摘要

It is imperative to establish a simple, efficient, and practical method to investigate the Hofmeister effect of ionic liquids (ILs) on the behavior of proteins (enzymes). In this study, the effects of the cations and anions of different ILs in aqueous media on the structural stability of horseradish peroxidase (HRP), a model oxidoreductase, were systematically investigated using electrochemical methods. It is found that without ILs no direct electron transfer current signals of HRP appear at bare glassy carbon electrode (GCE) in phosphate buffer (pH 7.0) even after incubation and accumulation at a negative potential. In the presence of ILs, however, a current signal occurs at GCE, depending on the structure of the IL and its concentration. A linear relationship between the peak currents and the scan rates demonstrates that the direct electron transfer is a surface-confined thin-layer electrochemical process.

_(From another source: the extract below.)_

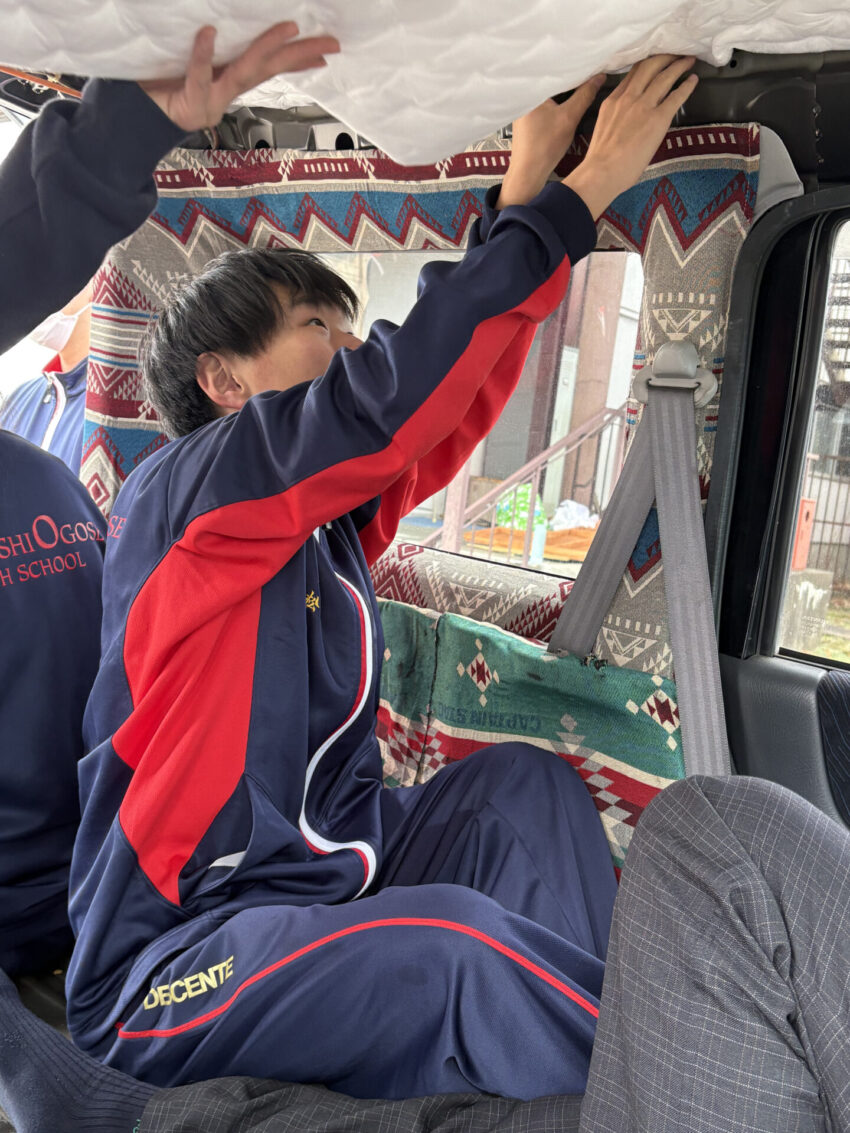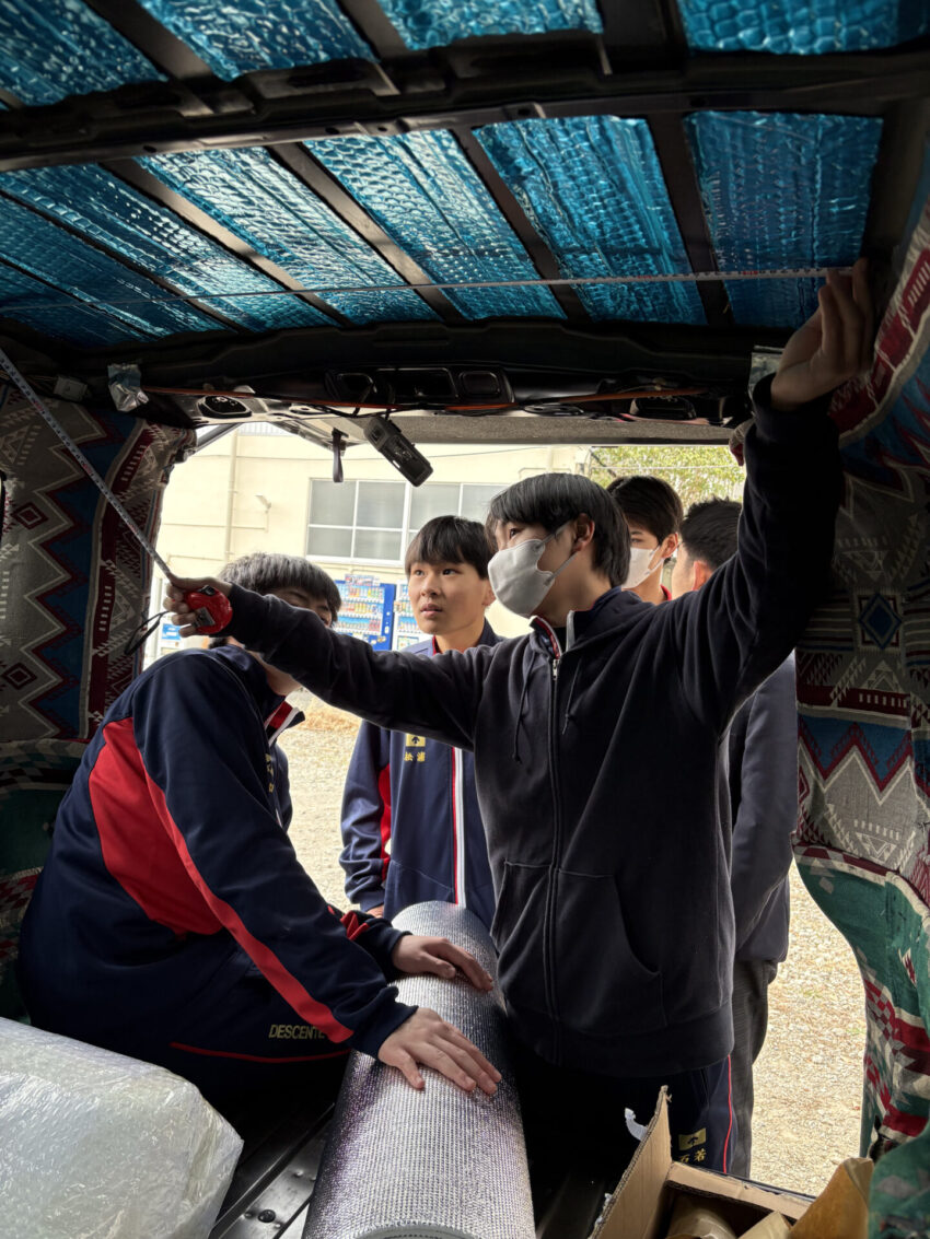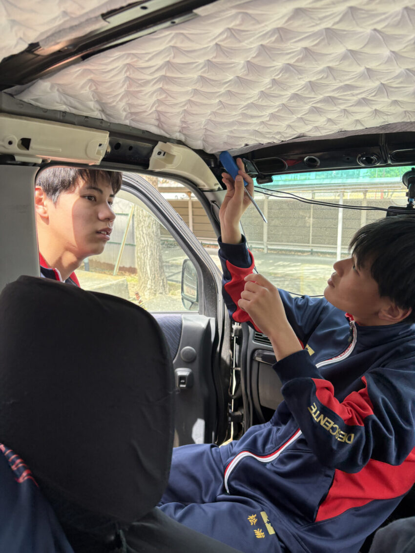 顧問が買ってきた軽バンをキャンピングカー仕様にすることになったのですが、さてさてどんな車なのか…と思いながら、まずはみんなで現車確認。今日はフロアを剥がしたり、寸法計ってみたり、完成形をイメージしたり遊んだり……と、自分たちの理想通りになるのか、乞うご期待!ですね。

The redox signal at GCE is from the heme of HRP. An IL has a perturbing effect on the HRP structure. The anodic peak current of HRP at GCE, the catalytic activity of HRP, and the secondary structure of HRP are well correlated. Different cations or anions at varied concentrations have different effects on the structural stability of HRP, resulting in different current signals at GCE. Thus, the anodic peak current of HRP at GCE can be used as an indicator to quantitatively characterize the effect of ILs on the structural stability of HRP. The present Hofmeister series for cations and anions is in good agreement with that reported elsewhere. To our knowledge, this is a first attempt to establish a simple and practical electrochemical method to correlate Hofmeister effects with characteristics of ions and solvents. The present investigation not only deepens our understanding of the complex electrochemical behavior of proteins in ILs media but also offers a practical guidance to designing "green" and biocompatible ILs for protein (enzyme) separation, purification, and enzymatic catalysis and conversion.